Pular para o conteúdo principal

O traslado do finado no Ponto de Ipirá

 

Foi no começo da década de 1990, na Praça Froes da Mota. Pássaros piavam, álacres, na copa dos oitizeiros. Uma fileira de Kombis brancas espichava-se na lateral da praça, aguardando os passageiros com destino a Ipirá. Nos bancos, muita gente aguardava o embarque, carregando embrulhos, vaquejando crianças, inteirando-se das novidades em conversas, o acentuado sotaque sertanejo fragmentando o silêncio.

Naqueles tempos ainda eram comuns idosas e mulheres de meia-idade com saias longas, anáguas e aqueles lenços característicos, cobrindo cabeças e cabelos longos. Idosos com chapelões, barbas alvas, ralas, e botas curtas de couro cru se aporrinhavam, apesar das conversas longas que ajudavam a encurtar a espera.

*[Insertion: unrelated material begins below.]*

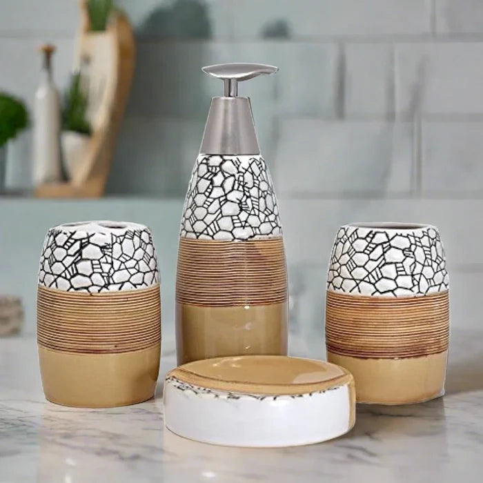 Enhance your bathroom with the SELF TEXTURED BATH SET. This four-piece set includes a soap dispenser, toothbrush holder, tumbler, and soap dish, each featuring a distinctive self-textured design that adds a modern and sophisticated touch to your decor.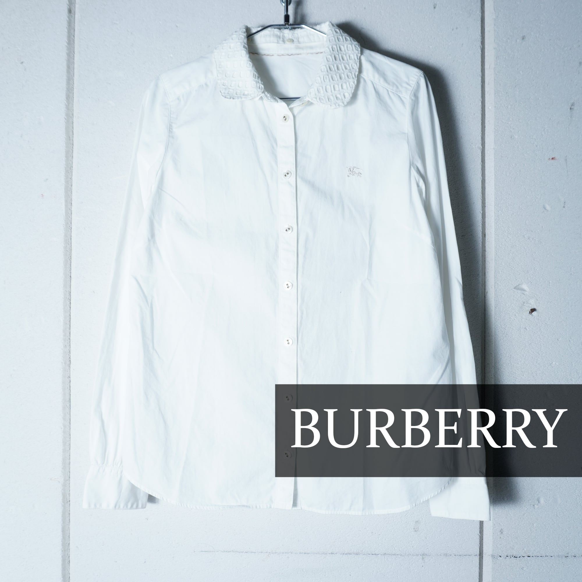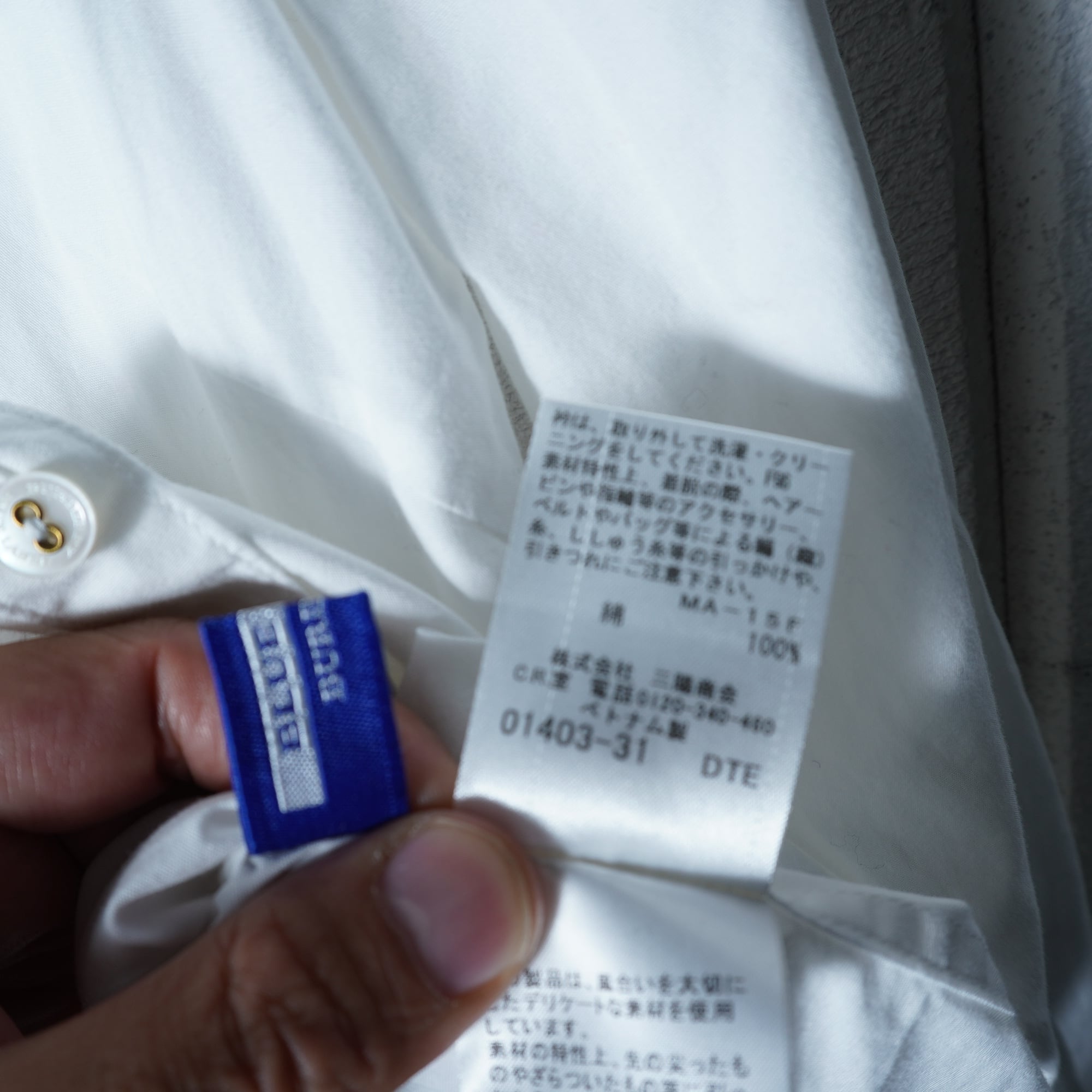 【BURBERRY】バーバリー ”ホースロゴ刺繍” 着脱式切替カラーコットンシャツ white

Os motoristas que encaravam os 90 quilômetros da Estrada do Feijão reuniam-se em magotes, entretendo passageiros, conversando entre si. Às vezes, alguém chegava querendo despachar encomenda, indagar sobre valor de passagem, mandar ou saber de algum recado. Naquela época telefone era privilégio de poucos e rede social coisa de ficção científica. Daí a necessidade do corpo-a-corpo, do contato verbal frequente.

Entardecia e o poente despejava tons alaranjados nas copas das árvores quando o funcionário da funerária chegou. Ar grave, indagou quem toparia conduzir um finado até uma cidade remota do Oeste Baiano, já bem perto da fronteira com o Piauí.

- Qual é a distância? – indagou um dos motoristas, de meia-idade, que empunhava a chave da Kombi, adornada com um chaveiro farto.

- Novecentos quilômetros até lá – informou o agente funerário.

- Então eu quero tanto – apressou-se o motorista, com sua proposta. Nos anos 1990 a inflação era vertiginosa e a troca de moeda fato corriqueiro no Brasil. Nem lembro o valor cobrado. O funcionário prometeu consultar os patrões, a família do finado, estipulou prazo para a resposta.

Explicou que o morto era assaltante de bancos, tombara em tiroteio com a polícia. Todo mundo recordou, então, do assalto cinematográfico de dois dias antes, com fuga, reféns, tiroteio, mortes e uma vasta cobertura da imprensa, as manchetes se sucedendo, sangrentas. O assalto fora no Sul da Bahia, mas a perseguição trouxe o drama para a Feira de Santana, os detalhes emocionantes podiam ser conferidos nas páginas dos jornais, ganharam destaque nos telejornais soteropolitanos.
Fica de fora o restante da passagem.